The UN and aid agencies continued to turn a blind eye to the control of the camps by mass murderers, as they had done for the two years after the expulsion of the interahamwe from Rwanda.

The rebels agreed to allow the UN to repatriate the refugees but asked that it be done by road, not by air. An airlift on the scale envisaged by the UN would have taken months and completely clogged the Kisangani airport, severely hampering the campaign to overthrow Mobutu.

The ADFL did not want thousands of armed opponents camped within striking distance of the strategic Kisangani airport and Zaire's second largest city. For the UN and aid agencies to demand this was tantamount to siding with the interahamwe and Mobutu in the civil war. As the refugees' condition worsened, the UN and aid agencies refused to shift them by road.

The UN, the media and aid agencies hysterically denounced the ADFL's decision to "seal off" the camps on April 21, but glossed over the reasons for it. Since the refugees arrived in the area, local villagers have suffered continual armed raids from the interahamwe, stealing food and destroying crops.

Incensed villagers retaliated by attacking the refugee camps with machetes. Survivors spoke of "hundreds" being killed. Some claimed rebels had fired on refugees from a passing train. Journalists repeated these claims but could find only 20 injured people and a dozen corpses — all had machete, not bullet, wounds.

ADFL forces moved in to stop the bloodletting and were ambushed by interahamwe hiding in the camps. As happened many times before, the interahamwe ordered the refugee camps cleared.
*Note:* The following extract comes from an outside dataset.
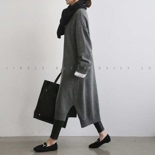 ニット ロング ワンピース レディース ニットワンピ ロングワンピ Vネック 長袖 ゆったり グレー 黒 全2色 秋 冬 新作 [A00197]

Under fear of death, the refugees marched en masse into the jungle.

Journalists, the UN and aid agency spokespeople developed collective amnesia and refused to report that this has been a pattern since the start of the civil war. Nor did they report that it is not unusual for the interahamwe to execute refugees too sick to move or who attempt to escape. Instead, the rebels were blamed.

On April 29, the refugees began to emerge from the jungle in their tens of thousands. Kabila agreed to the UN airlift from Kisangani as long as it is completed within 60 days, yet this too drew criticism from the UN and aid agencies. The first flights reached Rwanda on April 30.

Meanwhile, ADFL fighters are within 390 kilometres of Kinshasa, having liberated Kikwit on April 29. Reuters reported jubilation in the city after most government troops fled before the rebels arrived. Rebels are approaching the capital from the north, the east and south. ADFL leaders predict they will be in Kinshasa by mid-May.